Gary Becker, Democracy, and the Rationality of the Marketplace

We are zeroing in on the core of the course. If our social actions are entirely mediated by the marketplace, then it stands to reason that these actions will lend themselves to the kinds of analysis practiced by the most rigorous price theorists at Chicago. And it also stands to reason that any and all outside interference in the marketplace will not only introduce elements into stochastic multivariate regression tables that make it impossible to draw accurate inferences, but precisely because they make rational inferences less likely they play havoc on a social formation shaped entirely (or mostly) by market forces.

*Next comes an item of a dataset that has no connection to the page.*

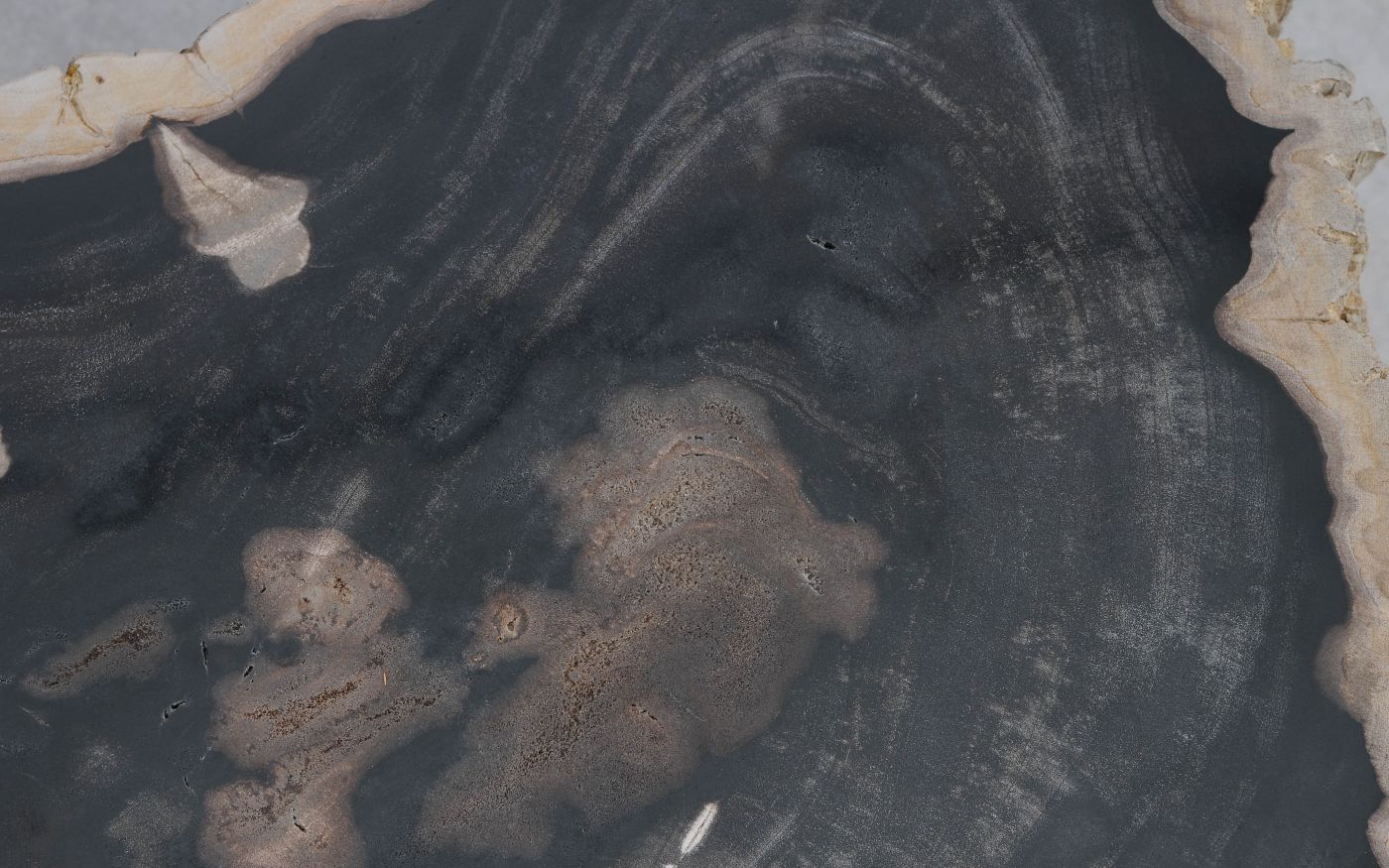 - Kleuren versteend hout: Gemengde kleuren, Voornamelijk zwart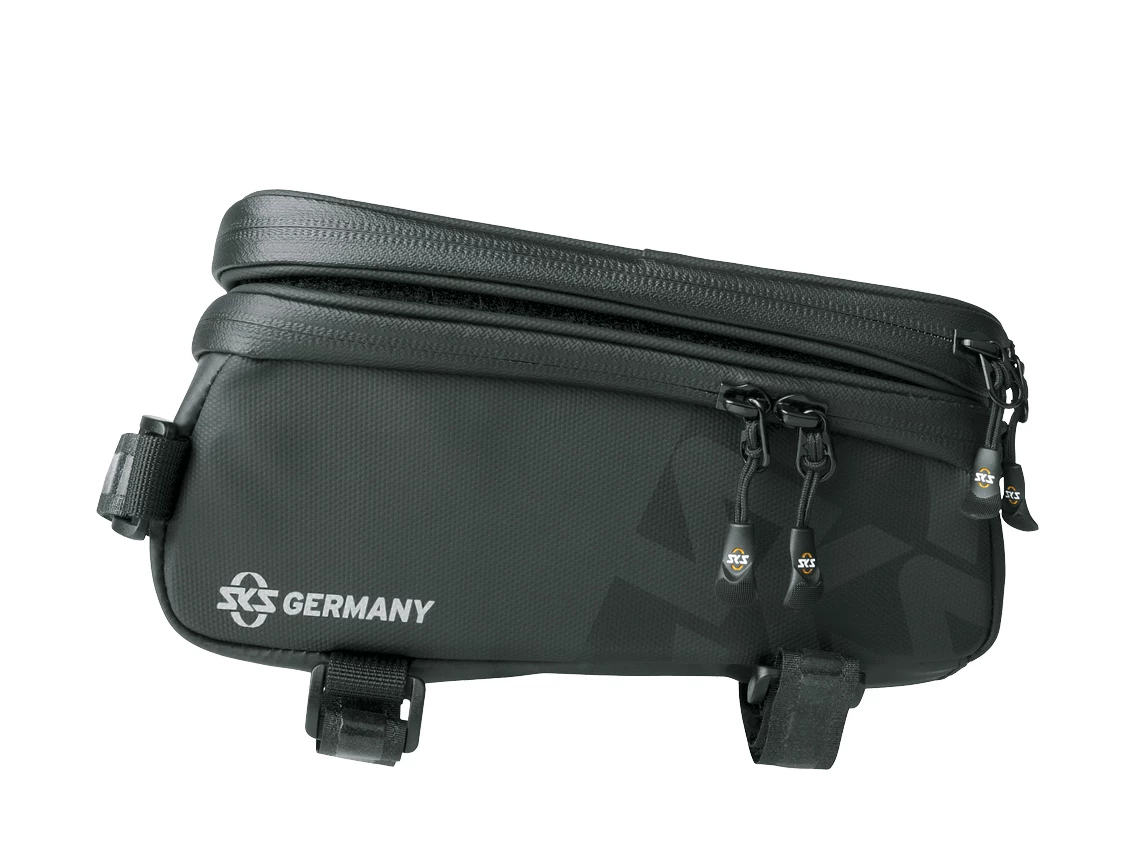 The bag is attached to the top tube using robust, hook and loop fastening straps. The features also include laminated watertight zippers with the ergonomic EasyZip technology and orange coloured inner lining which makes content items easy to find.

This, of course, is a social tautology (or nearly such). But it is also what social scientists sometimes call a “real abstraction” in the sense that it is not a fiction, but actually has come to express itself in the ways that individuals and communities are constituted and social relations are mediated. However, even in its reality it remains an abstraction insofar as the interpretive categories by which it is grasped fit into a rational whole that remains self-referential by design and not by accident.

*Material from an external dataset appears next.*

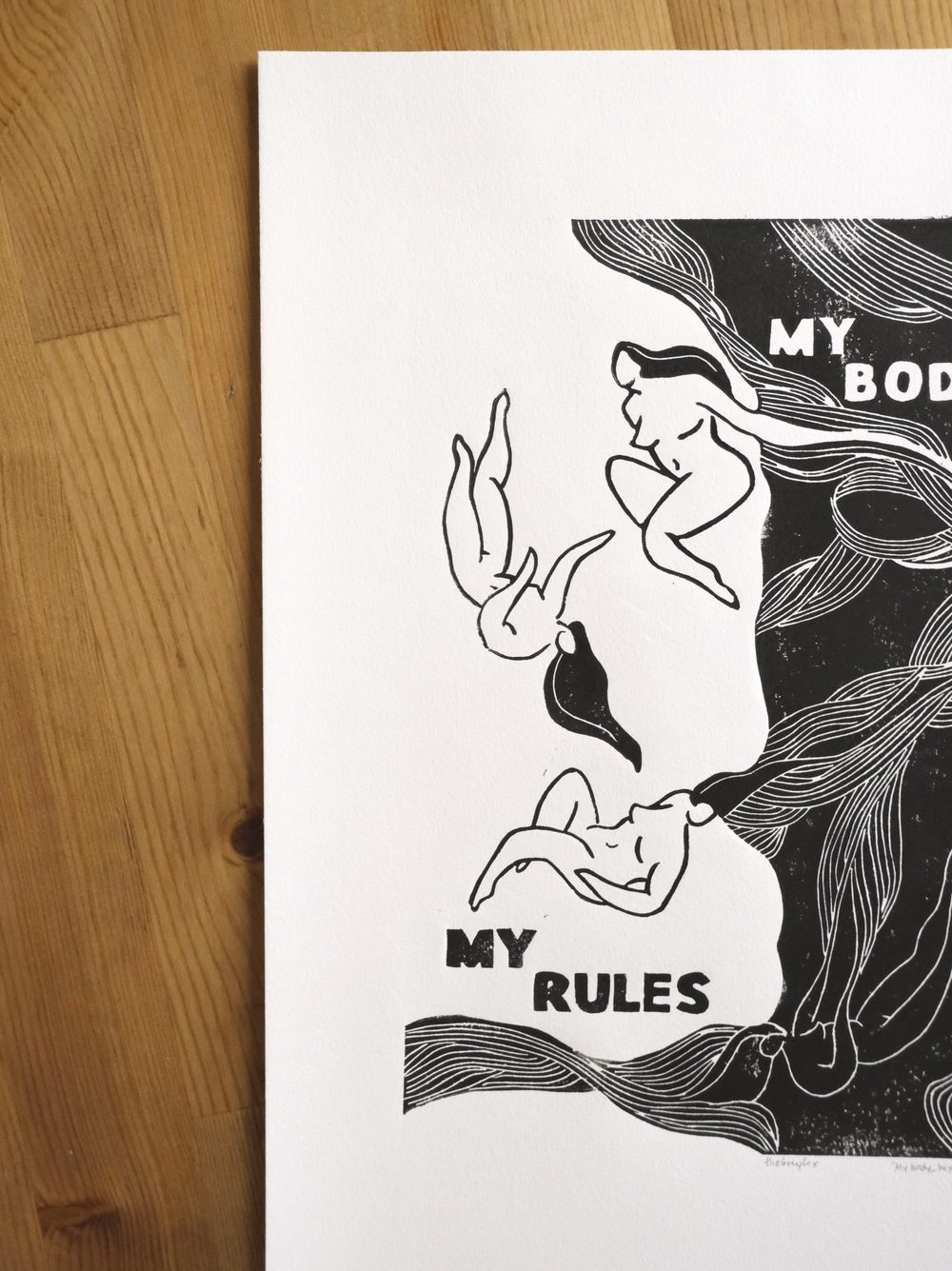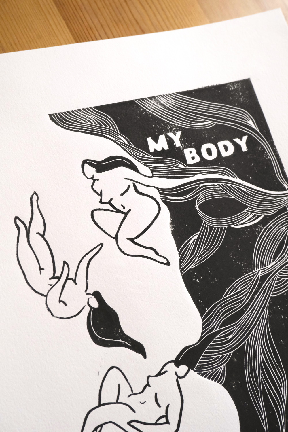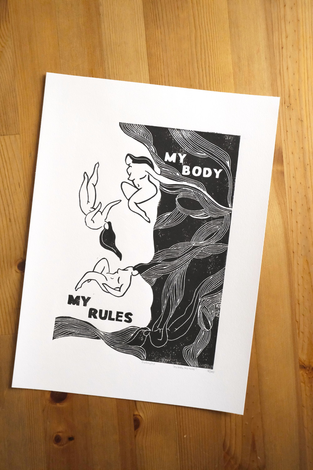 Due to the nature of printmaking, each linoprint is one of a kind so it may

At the end of next week, the floor will drop out of the bottom of this self-referential system when Allen Bloom faults the victims of this closed system for their own increasing incapacity to think outside of it. In this way, the social and historical will be increasingly attenuated from two sides; from the side of economic neoclassical thought, on the one hand, and from the side of post-democratic political theory on the other.

Think of the largest roller coaster you have ever been on. You are plummeting to its trough. But now you are jolted from the side as well. Wow!